Boris goes shopping in a supermarket with his new girlfriend Masha, who is pregnant with his child and lives with her mother.
Her mother is visiting a relative and they have the apartment all to themselves,
so they can have sex. Then Masha starts crying because she's scared that he
will leave her like he's leaving Zhenya.
Meanwhile, Anton picks up Zhenya and drives her to a fancy restaurant.
Then they have sex in his apartment. She confesses to him that she never
wanted the child, that she almost died giving birth to him, that she
was repulsed by him, that she still blames the child for her misery.
She always hated Alyosha.
She then takes a taxi to go home and goes to sleep happy.
The following morning Zhenya is informed by Alyosha's teacher that
Alyosha has not been at the school for two days.
She calls Boris but Boris is in line for lunch at the cafeteria and doesn't
want to deal with it and tells her that she is overreacting.
She calls the police. The police officer files the report after inspecting
the boy's room and determining that the parents didn't kill him, but
he tells her that the bureaucratic rules are to wait for the child to
return home because in most cases they do. The cop advises her to call
a volunteer group instead of the police. The volunteers come and starts
investigating.
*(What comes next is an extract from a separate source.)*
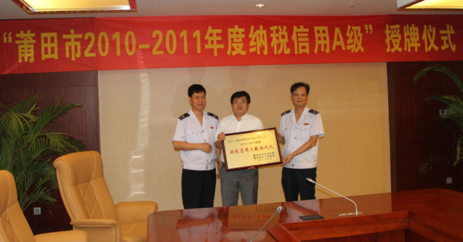 根據(jù)國家稅務(wù)總局《納稅信用等級評定管理試行辦法》的文件精神,經(jīng)過莆田市國家稅務(wù)局、莆田市地稅局聯(lián)合評選、市評定辦公室審核、公示等一系列程序,莆田燃?xì)夤煞萦邢薰驹?A name=baidusnap0>納稅信用等級評定中表現(xiàn)突出,被授予“2010-2011年度納稅信用等級A級納稅人”榮譽(yù)稱號。

There is only one relative who could have taken Alyosha in:
Zhenya's mother, and her phone is off. The coordinator in charge, Ivan, asks
them to visit granma and make sure the child is not hiding there, and sends
another volunteer, Lena, to follow her.
It's a long drive and it's getting dark.
Boris and Zhenya yell at each other all the way.
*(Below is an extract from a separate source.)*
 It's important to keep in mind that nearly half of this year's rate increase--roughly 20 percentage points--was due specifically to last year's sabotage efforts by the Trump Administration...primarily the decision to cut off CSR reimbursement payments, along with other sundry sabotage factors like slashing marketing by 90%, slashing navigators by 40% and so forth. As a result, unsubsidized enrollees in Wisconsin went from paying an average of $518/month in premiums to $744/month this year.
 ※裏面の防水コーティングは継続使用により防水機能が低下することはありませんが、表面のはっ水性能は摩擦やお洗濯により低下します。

She insists on smoking, he rolls down her window and plays loud music.
They reach the destination in the middle of the night. Lena searches the
premises while Zhenya tells her mother that Alyosha is missing.
Hearing of the divorce, her mom calls her a "whore", and swears that she will
not bequeath anything to her when she dies.
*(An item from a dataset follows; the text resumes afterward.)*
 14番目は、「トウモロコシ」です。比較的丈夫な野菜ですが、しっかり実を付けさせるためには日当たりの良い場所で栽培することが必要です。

Her mom is afraid that they want to dump the child with her.
On the way back, as the sun is coming up, Zhenya regrets not having listened
to her mother when she got pregnant: her mother wanted her to get an abortion
and ditch Boris, but instead she listened to Boris' sweet talk.
She confesses that she never loved him, she just wanted to leave her mom.
She curses the day she got pregnant, and she feels sorry for Masha, Boris'
new victim.
Boris stops the car in the middle of nowhere and kicks her out.
Now the volunteers begin searching the woods.
The police collect all the available videos from buildings, but the child
doesn't show up in any of them. The police now contemplates the possibility
of a kidnapping.
Ivan asks Zhenya to call all the hospitals.
Meanwhile, he interviews Alyosha's only friend, who leads them to a
secret hideout, an abandoned ruined building.
Inside Boris, who has joined the search, finds Alyosha's jacket.
The volunteers search the ruined building, while outside it starts snowing,
but find no trace of Alyosha.
Then they start searching the forest as the snow stopped.
Meanwhile, Lena accompanies Zhenya Anton Boris to a hospital where a child matching the description has just been admitted, but he's not Alyosha.
The volunteers abandon the search when it starts snowing again, and they start
searching buildings and posting flyers around the neighborhood.
Ivan accompanies Zhenya and Boris to the morgue to examine the disfigured
corpse of a child who matches the description. It is not Alyosha, but first Zhenya and then Boris have a nervous breakdown. Ivan suggests that they do a DNA test to make sure it is not their child, but they refuse.
Years go by.
It is now winter and the streets are blanketed with snow.
Children play in the snow.
The apartment is being remodeled by the new owners.
Boris is watching his new son while watching the news about the
Ukrainian civil war. Masha is talking with her mother who wants them to move
out because the apartment is too small for four people.
Meanwhile, Anton in his luxury house is watching the same news, while
Zhenya is exercising.
The film ends with the same
wooded area of the beginning, where Alyosha used to walk coming back from school.
There are still posters of missing person Alyosha.
Mikhail Krichman's camera work is a strong element of these films.